Thursday, July 10, 2014

Polo Shirt Merah


Hari itu kita bertemu. Dengan cerita berbeda bahwa kita bukan lagi yang dulu. Yang saling mencintai dan menertawai hal lucu. Pertemuan itu, hanya karena kamu penasaran seperti apa penampilan dan rupaku setelah berkerudung. Ya, pintamu bertemu bukan lagi karena rindu. Tapi aku mengiyakan pertemuan itu. Bukan saja karena hanya aku yang rindu, tapi karena aku masih senang melihat kamu.


Padaku kamu bercerita, bahwa kamu ingin sekali punya polo shirt warna lain selain yang kamu pakai saat itu. Maka setelah kita makan, aku menawarkan untuk melihat-lihat deretan baju di department store. Kamu banyak meminta masukanku akan warna apa yang bagus. Kamu bilang, kamu ingin sekali warna seperti salah satu kemeja yang kupunya. Dalam hati diam-diam aku merasa senang bukan main dan merasa kalau warna yang kamu mau itu karena ingin punya baju yang sewarna dengan milikku. Mungkin suatu hari bisa dipakai bersama seperti pasangan pada umumnya. Tapi aku lupa, kita bukan lagi pasangan. Mungkin kamu hanya suka warna itu. Bukan karena ingin samaan denganku. Senyum getir kutahan saat aku menyadari hal itu.

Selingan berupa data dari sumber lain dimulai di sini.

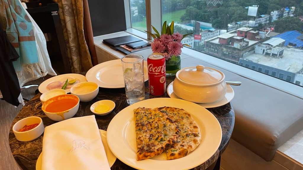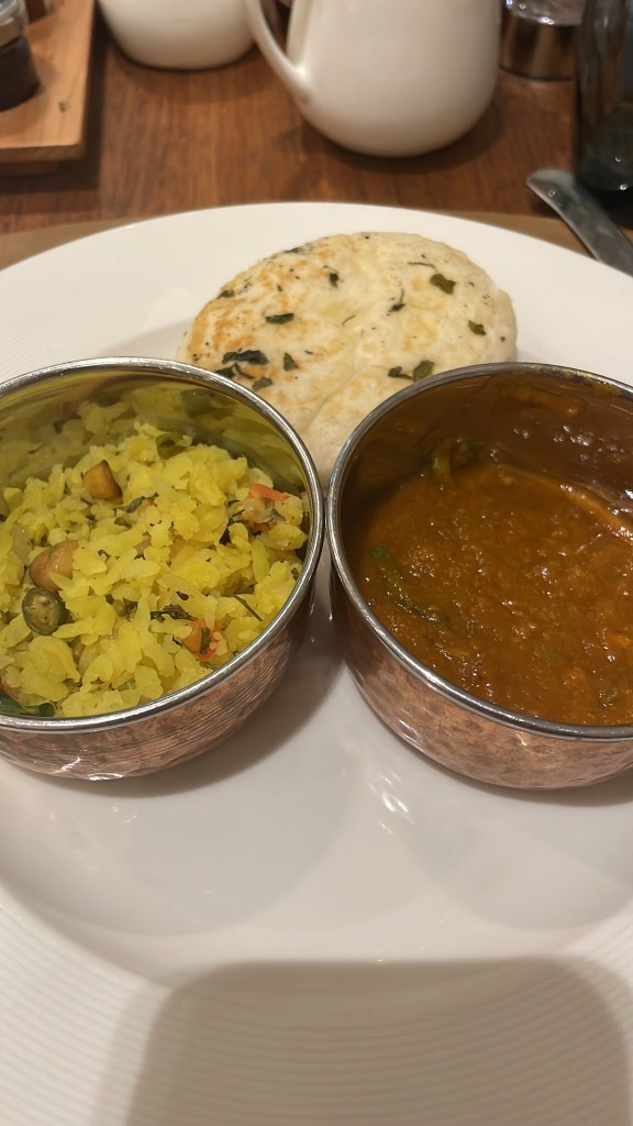 I’m knackered after a long day so opt for some room service – biryani and paratha.
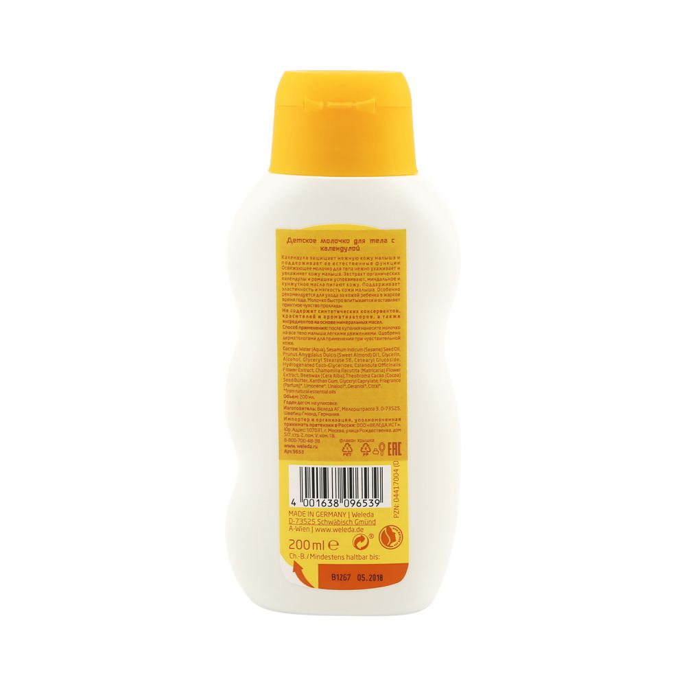 Масло миндаля и кунжута, входящие в состав Молочка для купания с календулой, покрывает кожу ребенка тонким согревающим защитным слоем, который Вы можете ощутить, когда берете малыша на руки после ванны. Этот слой формирует естественную защиту, и вы можете купать малыша каждый день, не нарушая естественный баланс его кожи (обычно акушеры рекомендуют купать малыша через день или два).Экстракт календулы, входящий в состав Молочка для купания, очищает и успокаивает чувствительную кожу. Смесь натуральных лавандового и лимонного эфирных масел придает Молочку для купания нежный свежий аромат.Форма выпуска

Warna yang kamu inginkan itu tidak ada. Lalu dari sekian warna yang aku pilihkan, kamu mengiyakan dua warna; merah dan coklat tua. Aku duduk di sofa, di sudut dekat deretan polo shirt yang tergantung sementara kamu mencobanya di kamar pas. Tidak sampai lima menit kamu keluar dengan polo shirt merah pilihanku. Pas sekali di badan kamu yang lebih ramping dari beberapa waktu silam. Ditambah senyum sumringahmu, polo shirt merah itu membuatmu lebih tampan. Ah.. Saat itu rasanya aku ingin lari ke pelukanmu dan memendamkan wajahku di dadamu. Pasti rasanya nyaman sekali. Kuat-kuat aku menahan keinginan itu.

"Bagus nggak sih?"
 Aku tersenyum dan mengangguk mantap.
"Beneran bagus?" tanyamu tidak yakin
"Bagus. Badan kamu sekarang bagus, jadi pake apa aja bagus."

Kamu kembali mengembangkan senyum mendengar jawabanku lalu kembali masuk ke kamar pas. Mungkin menggantinya dengan pilihan kedua, coklat tua. Sementara kamu di dalam, aku menahan genangan di mataku. Kelak, warna pilihanku itu akan kamu pakai bukan lagi untuk pergi bersamaku.

Kamu keluar dengan polo shirt yang kamu pakai dari rumah. Kupikir tidak jadi dengan pilihan coklat tua.

"Loh yang coklat tua ngga dicoba juga?"
"Ngga usah, kan ukurannya sama"
"Oh, iyasih.."
"Makasi ya kamu udah bantuin milih,,"

Aku hanya tersenyum saat kamu berterima kasih. Ya, aku hanya seorang yang membantumu memilih. Entah kelak pergi dengan siapa yang membuatmu semangat memakainya. Pasti bukan aku.